Reputation: 11
I have a dataframe with multiple columns, the most important of which is a Headline. I need to split this headline into multiple columns (let's say 4 columns), and each of these resulting 4 columns has an individual length constraint (column1 = 10 chars, column2 = 15 chars, column3 = 15, column4 = 25). I have researched ways of using textwrap to do this, but can't determine how to apply textwrap to a dataframe. An iterative process to split the full string into its words and recompile while checking the recompiled length against the constraint could be an option as well.
Example Headline: Act fast.
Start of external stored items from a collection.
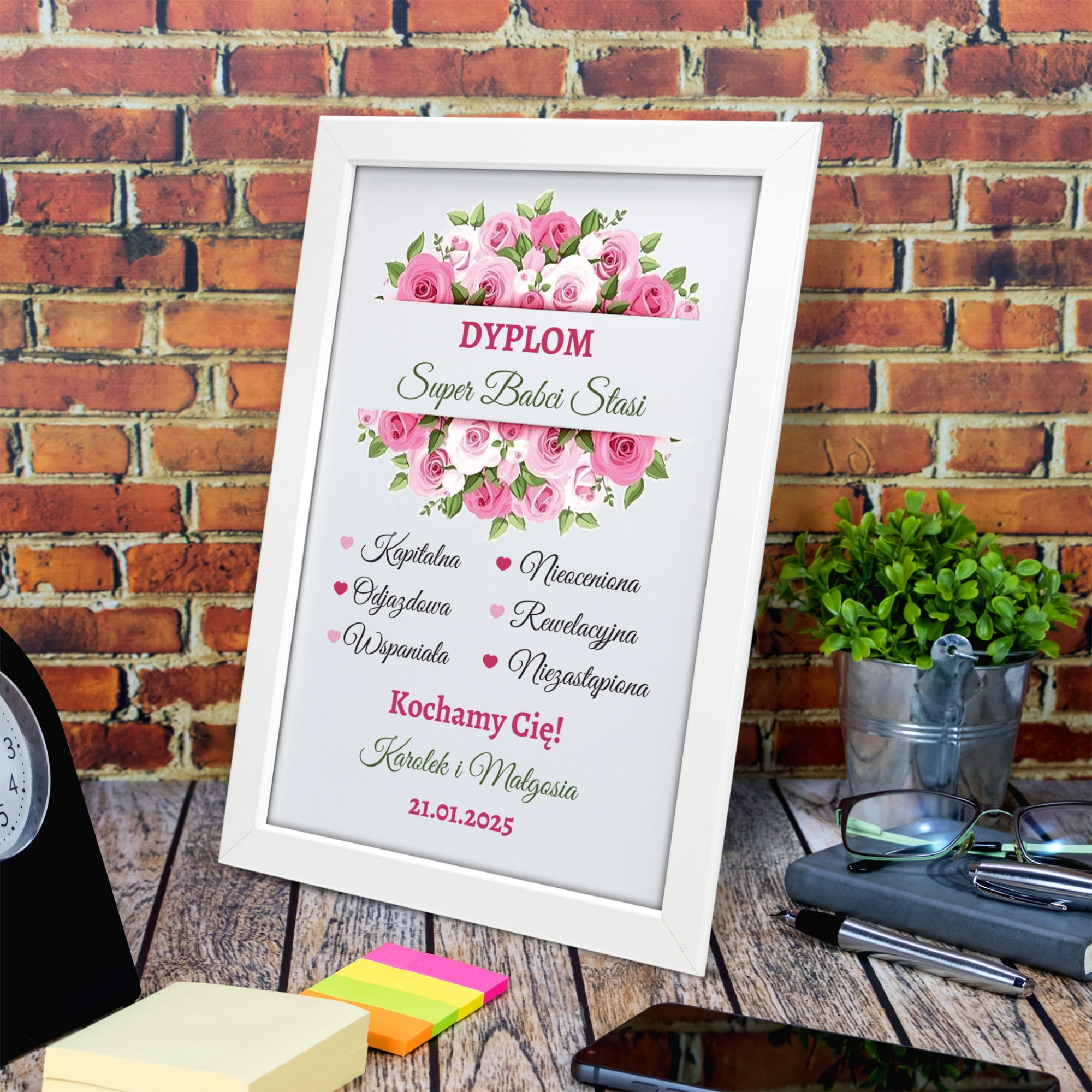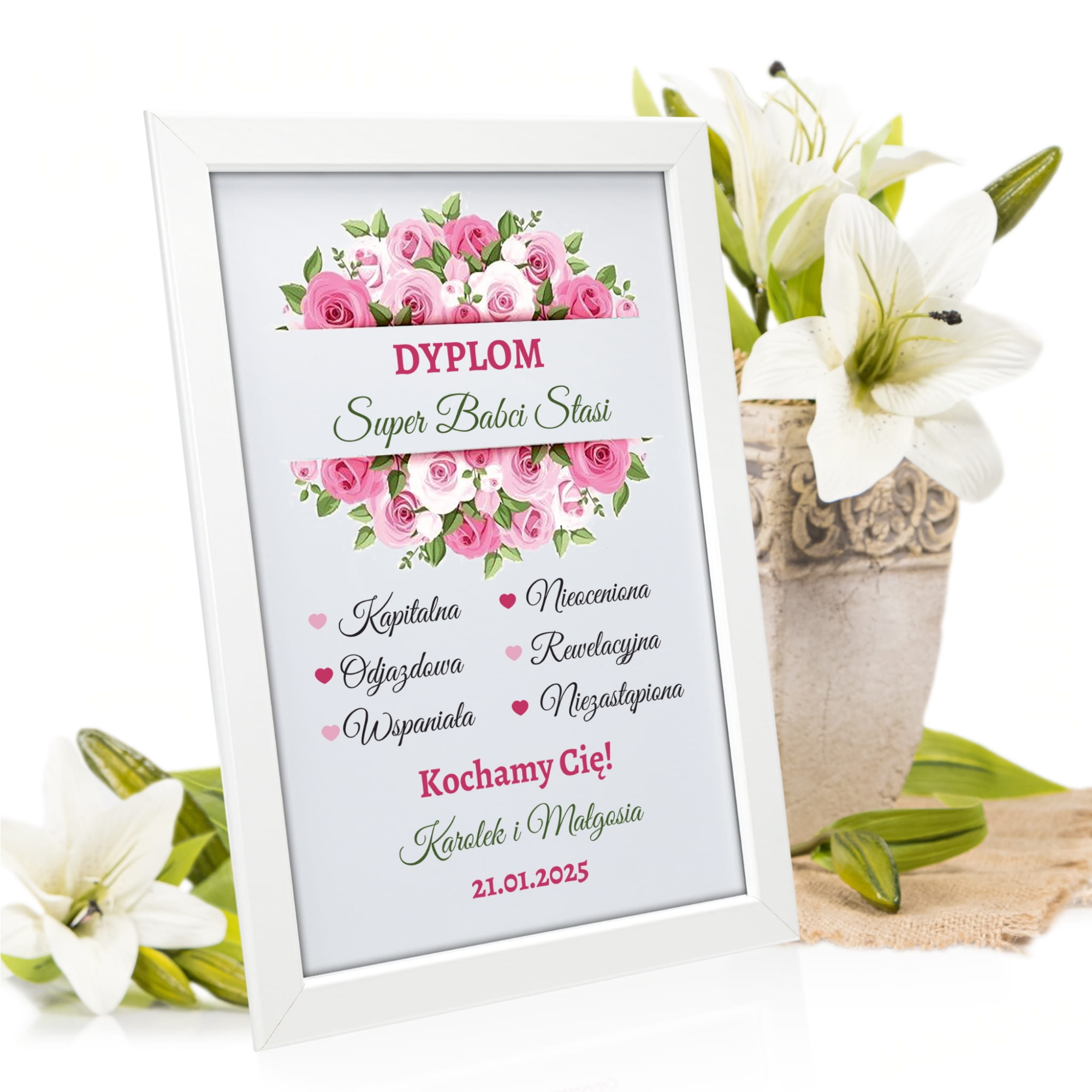 DYPLOM SUPER BABCI wyjątkowy prezent na Dzień Babci imię podpis
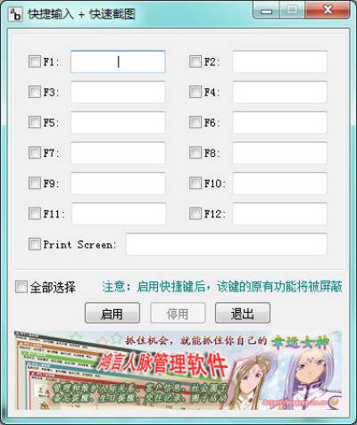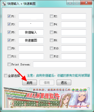 设置方法:先选择快捷键(F1到F12),设置对应的文本内容。点击启用按钮开启快捷键,不用的时候点击停用按钮取消快捷键。这些快捷键需要在文本编辑器中使用,比如记事本、Word、文本框等等。
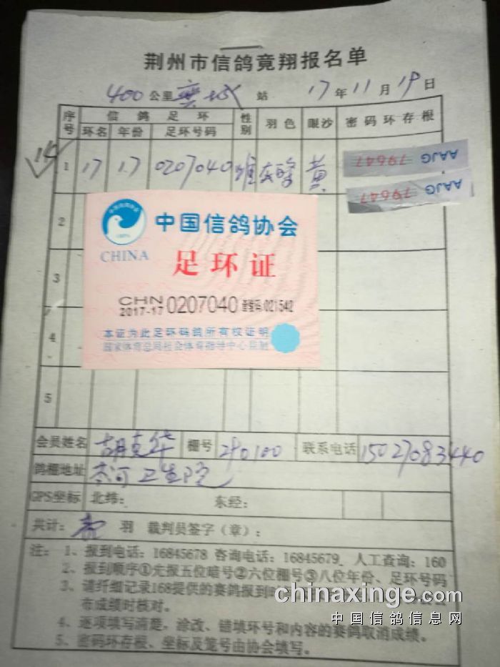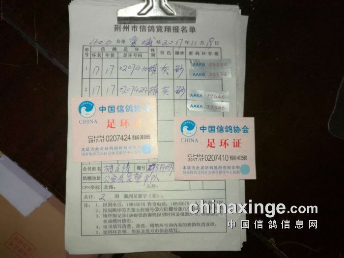 2017年11月22日全国千公里联赛廊坊站比赛集鸽清单
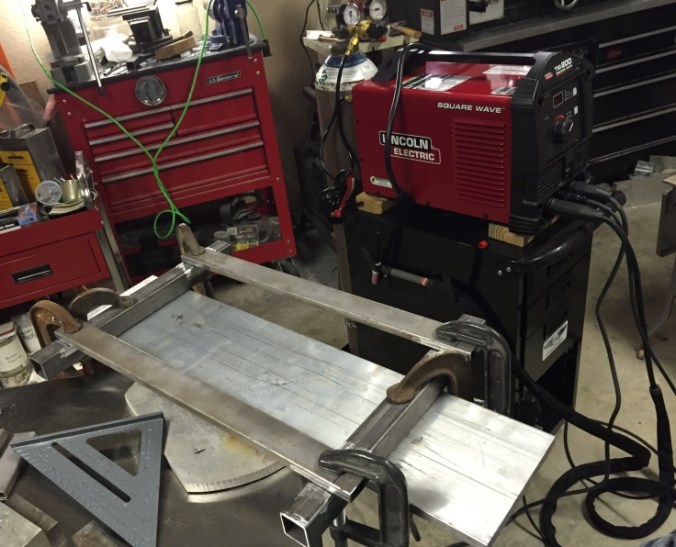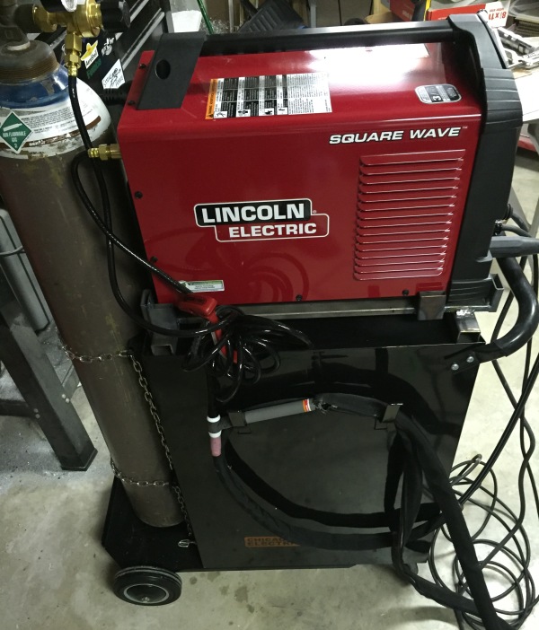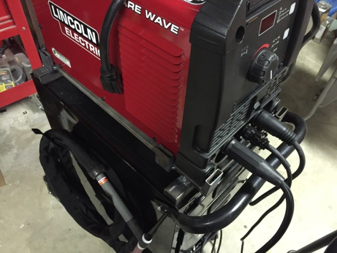 The cart is very well constructed and has space for all your welding accessories for 40 – 60 Lbs inverter based machines. One challenge with the welding cart vs. the TIG machine was the +, – & foot petals plug in real low on the TIG 200, the cart has a handle that kicks up so you can get into the top drawer easy. I could have made another handle for it but thought a Stand Off would give some real good welding practice, get it off the top of the cart a bit for ventilation and be able to put in some more aggressive Cleats to make it more stable on top
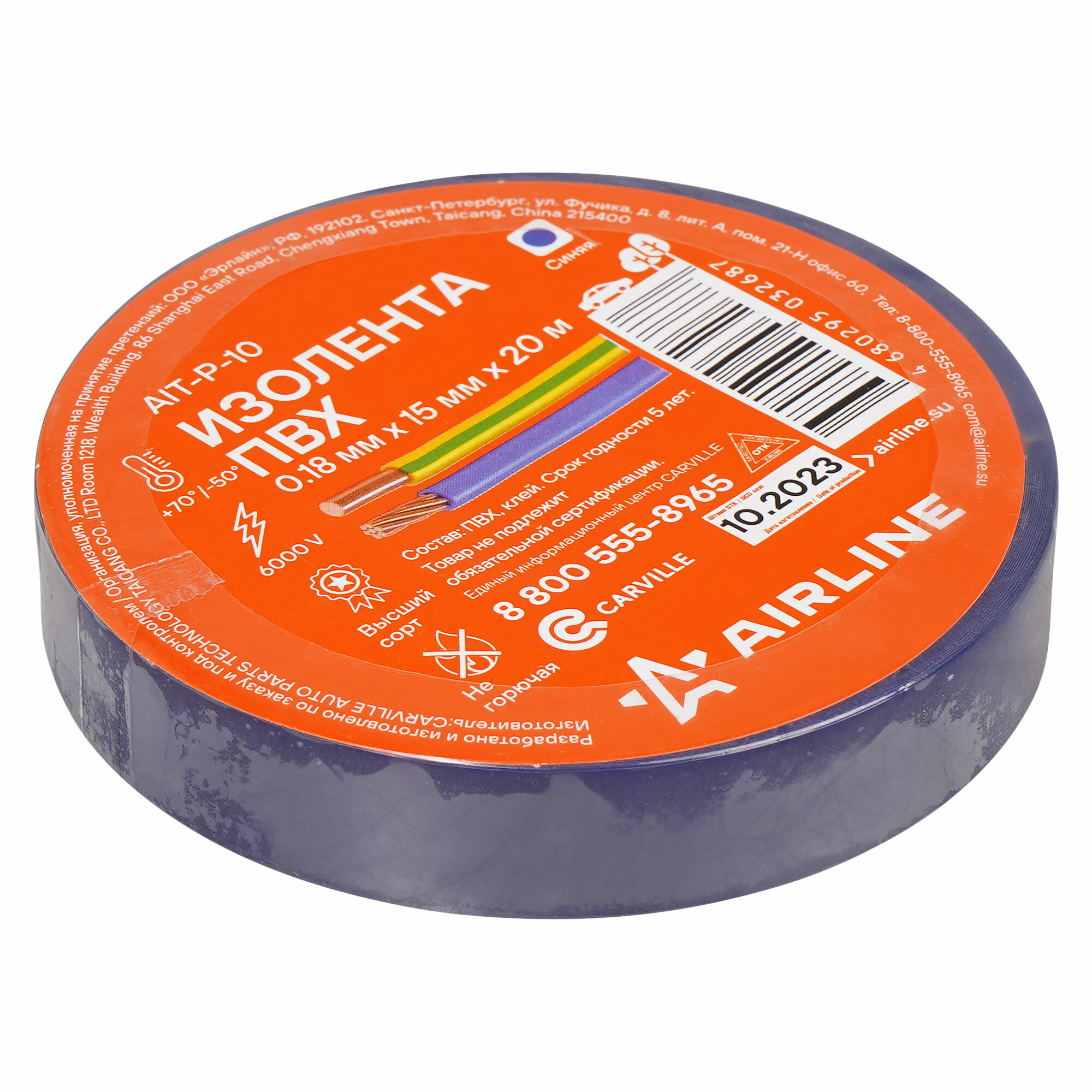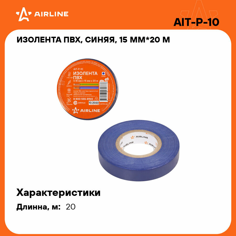 Изолента ПВХ, синяя, 15 мм*20 м (AIT-P-10), Airline, 1 шт

Limited space available.
Result
Column1: Act fast.
Column2: Limited space
Column3: available.
Column4: (blank)
To make this really fun, I'm a neophyte at Python - so please be gentle.
Upvotes: 1
Views: 444
Reputation: 43169
See the whole solution here:
import pandas as pd
d = {'junk': 'Act fast. Limited space available.'}
df = pd.DataFrame(d.values(), columns=['raw_text'])
df = df['raw_text'].str.extract(r'^(?P<column1>.{1,10}\b)(?P<column2>.{1,15}\b)(?P<column3>.{1,15}\b)(?P<column4>.{0,25}\b)', expand=True)
print(df)
This yields
column1 column2 column3 column4
0 Act fast. Limited space available
Upvotes: 1